Task brief: The answer should hold only the lines from the one containing "for gold: 999, 916, 750, 585, 375" through the one containing "課題に取り組む過程で、講師た" in the entries below, copied exactly, without pictures.

Information supplied:

____________

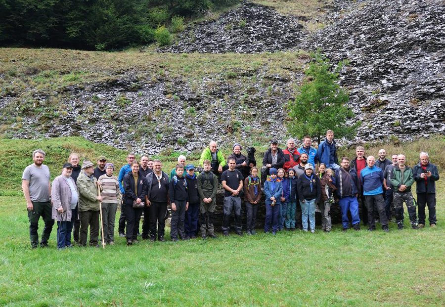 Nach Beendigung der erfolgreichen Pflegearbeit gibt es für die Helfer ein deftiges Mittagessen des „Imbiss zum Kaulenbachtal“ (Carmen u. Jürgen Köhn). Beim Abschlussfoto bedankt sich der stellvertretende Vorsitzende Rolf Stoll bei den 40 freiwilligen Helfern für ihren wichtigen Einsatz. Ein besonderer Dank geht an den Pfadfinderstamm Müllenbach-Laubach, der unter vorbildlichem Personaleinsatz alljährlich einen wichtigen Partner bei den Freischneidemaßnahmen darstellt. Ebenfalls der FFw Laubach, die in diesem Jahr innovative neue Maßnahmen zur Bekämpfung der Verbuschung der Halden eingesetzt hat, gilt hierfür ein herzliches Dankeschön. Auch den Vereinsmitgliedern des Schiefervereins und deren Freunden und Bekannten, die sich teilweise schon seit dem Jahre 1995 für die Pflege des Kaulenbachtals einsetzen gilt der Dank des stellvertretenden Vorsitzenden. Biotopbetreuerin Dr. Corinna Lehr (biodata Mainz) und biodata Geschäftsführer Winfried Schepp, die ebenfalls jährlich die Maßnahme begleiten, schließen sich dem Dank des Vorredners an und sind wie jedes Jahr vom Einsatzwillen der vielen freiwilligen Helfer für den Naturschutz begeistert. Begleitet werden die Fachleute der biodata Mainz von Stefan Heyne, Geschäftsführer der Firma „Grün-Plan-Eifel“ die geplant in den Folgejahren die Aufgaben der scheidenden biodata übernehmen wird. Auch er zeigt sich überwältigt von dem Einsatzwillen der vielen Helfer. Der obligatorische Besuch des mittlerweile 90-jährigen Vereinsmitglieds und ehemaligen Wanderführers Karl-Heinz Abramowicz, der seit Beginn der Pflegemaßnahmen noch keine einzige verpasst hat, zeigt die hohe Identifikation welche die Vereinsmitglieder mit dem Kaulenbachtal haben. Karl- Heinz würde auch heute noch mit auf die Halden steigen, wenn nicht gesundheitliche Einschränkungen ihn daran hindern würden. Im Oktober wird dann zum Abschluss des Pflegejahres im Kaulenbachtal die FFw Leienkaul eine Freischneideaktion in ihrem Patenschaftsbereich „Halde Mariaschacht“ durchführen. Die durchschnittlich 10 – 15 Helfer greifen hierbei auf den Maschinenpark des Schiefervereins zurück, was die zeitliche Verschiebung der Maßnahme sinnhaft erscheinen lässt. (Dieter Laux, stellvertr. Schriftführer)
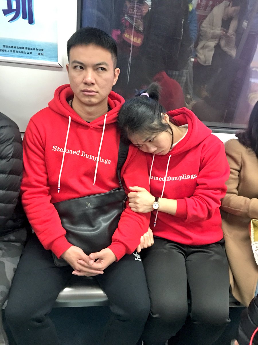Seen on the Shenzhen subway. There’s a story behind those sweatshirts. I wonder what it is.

____________

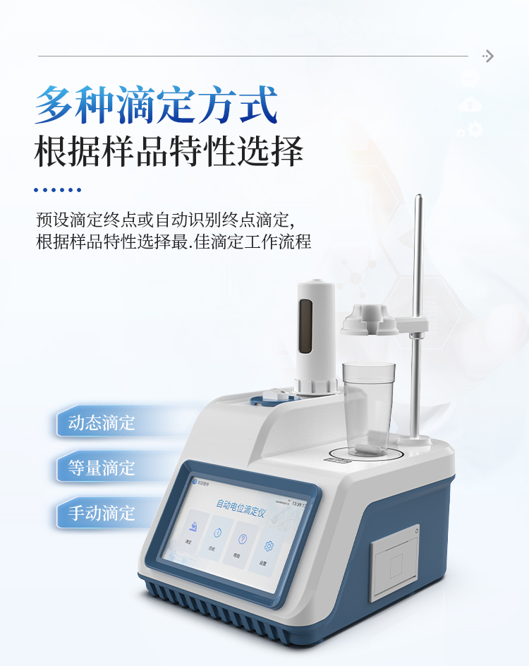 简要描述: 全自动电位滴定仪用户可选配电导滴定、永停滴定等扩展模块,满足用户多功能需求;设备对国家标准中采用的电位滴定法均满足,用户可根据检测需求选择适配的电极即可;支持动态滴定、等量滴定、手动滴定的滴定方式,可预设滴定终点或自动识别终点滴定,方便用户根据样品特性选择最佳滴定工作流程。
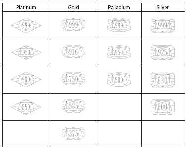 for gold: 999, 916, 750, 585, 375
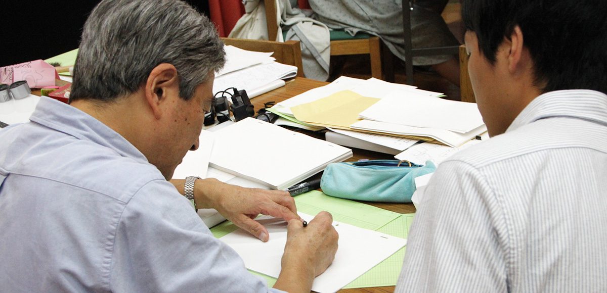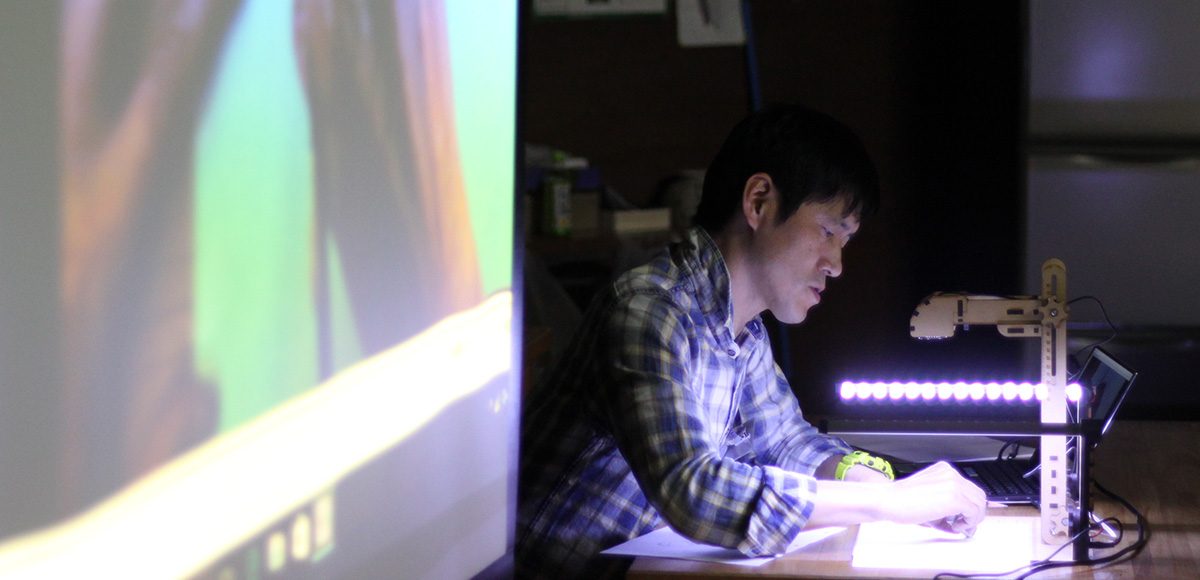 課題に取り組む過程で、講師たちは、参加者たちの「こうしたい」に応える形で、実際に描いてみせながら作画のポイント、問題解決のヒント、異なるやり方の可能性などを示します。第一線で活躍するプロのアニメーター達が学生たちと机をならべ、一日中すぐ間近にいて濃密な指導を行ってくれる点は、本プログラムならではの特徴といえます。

____________

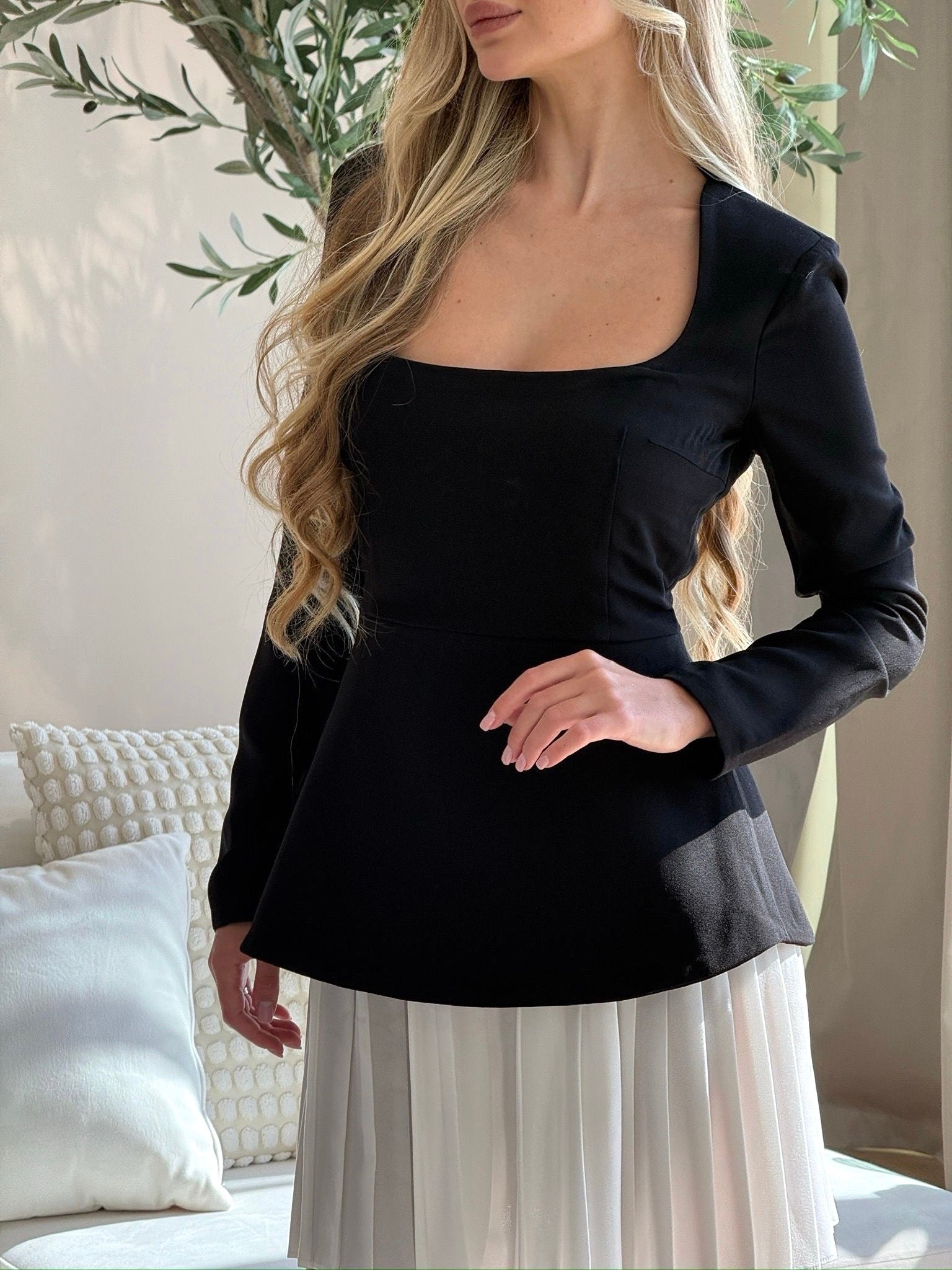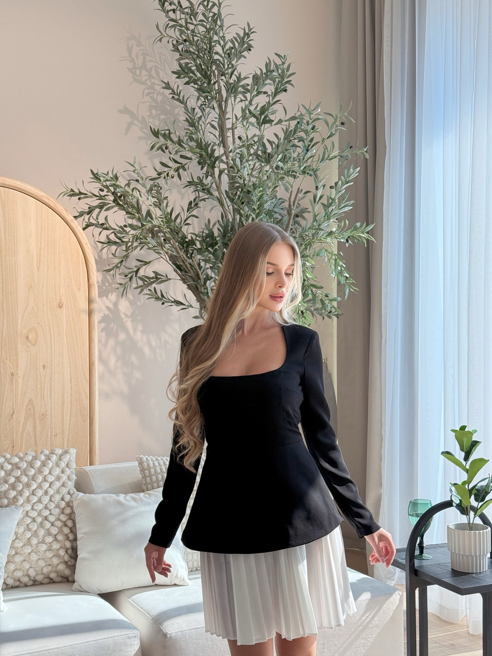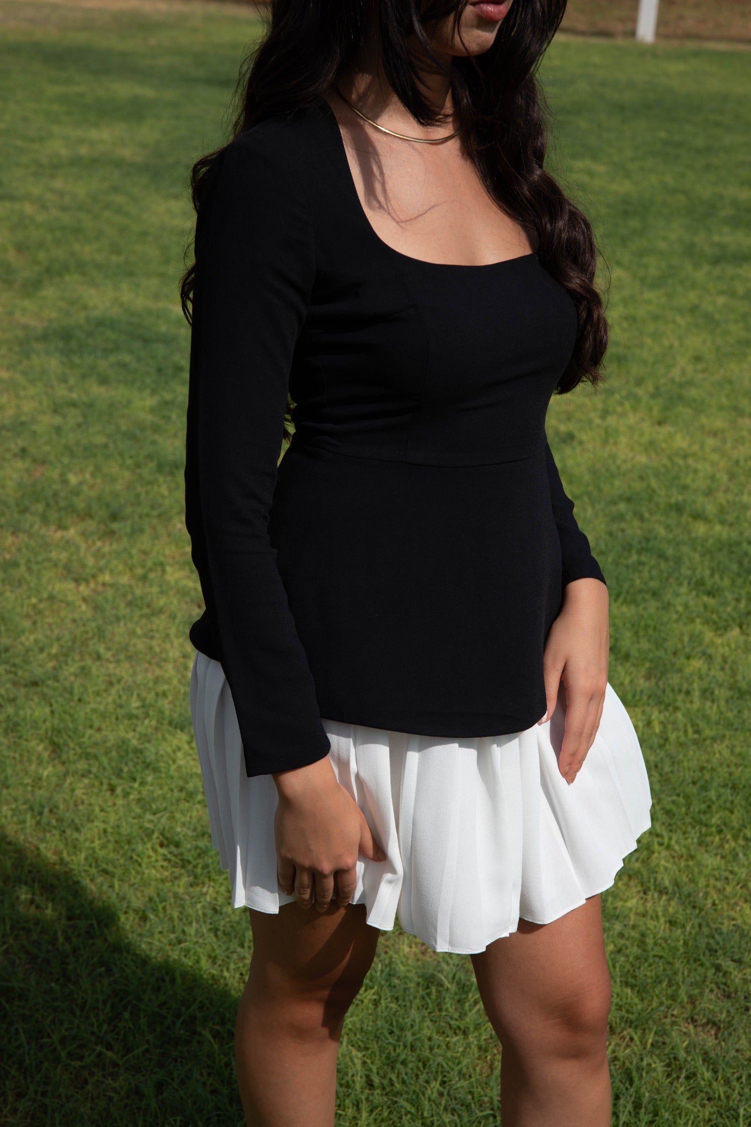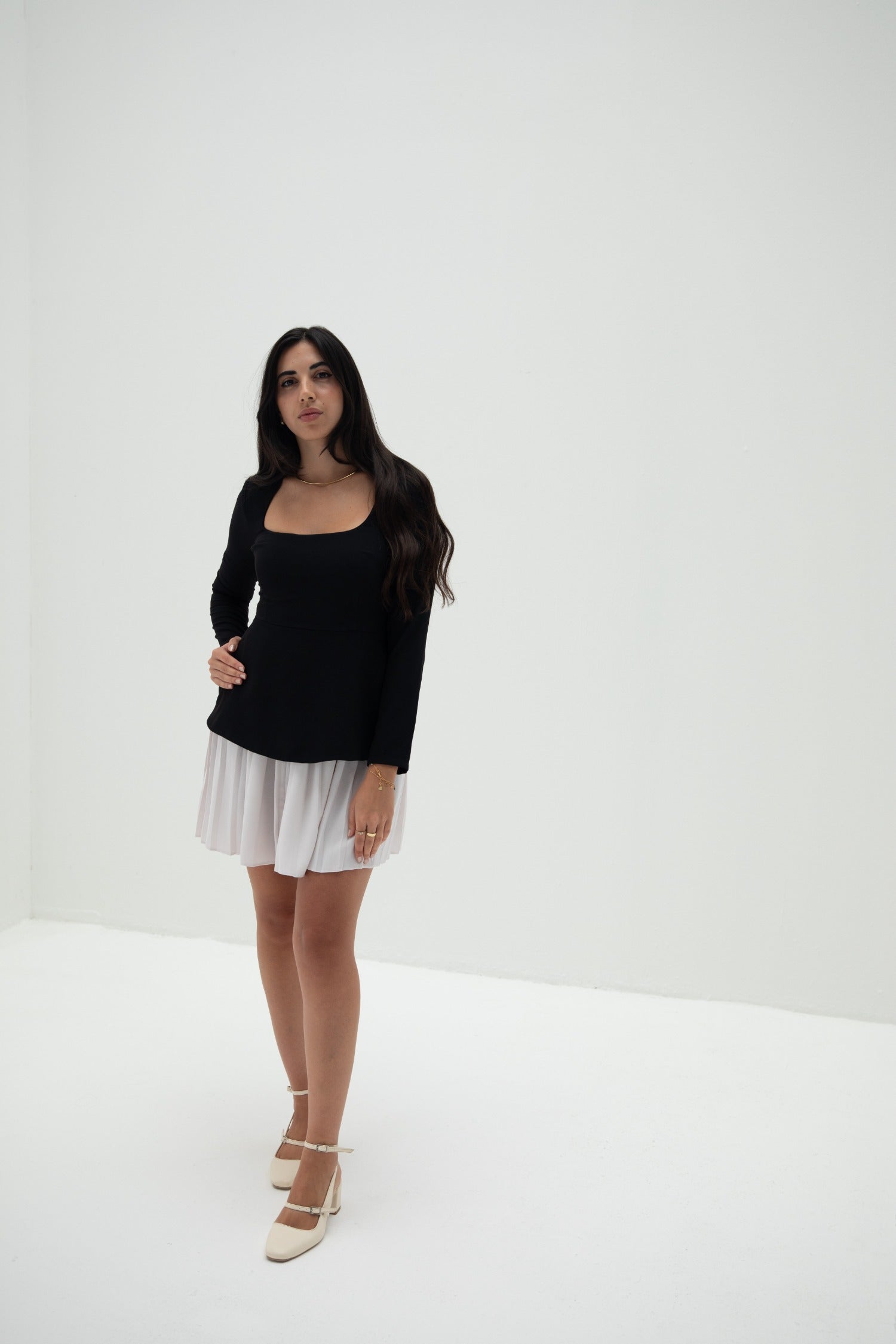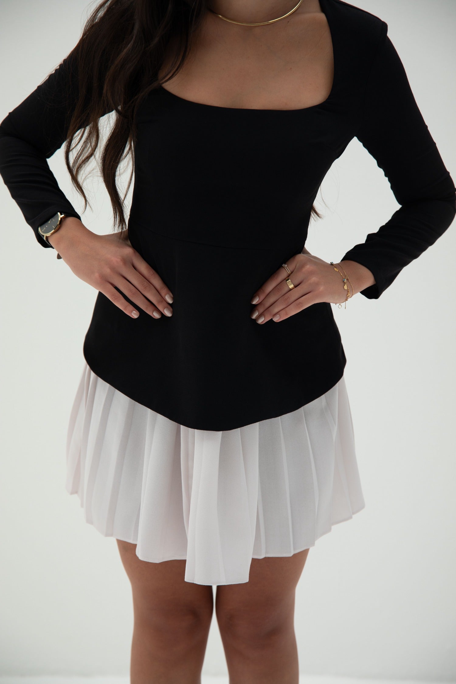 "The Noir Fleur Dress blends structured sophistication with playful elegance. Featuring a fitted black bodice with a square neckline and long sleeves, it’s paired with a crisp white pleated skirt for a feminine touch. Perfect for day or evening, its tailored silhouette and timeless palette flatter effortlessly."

____________

Result:
 for gold: 999, 916, 750, 585, 375
 課題に取り組む過程で、講師たちは、参加者たちの「こうしたい」に応える形で、実際に描いてみせながら作画のポイント、問題解決のヒント、異なるやり方の可能性などを示します。第一線で活躍するプロのアニメーター達が学生たちと机をならべ、一日中すぐ間近にいて濃密な指導を行ってくれる点は、本プログラムならではの特徴といえます。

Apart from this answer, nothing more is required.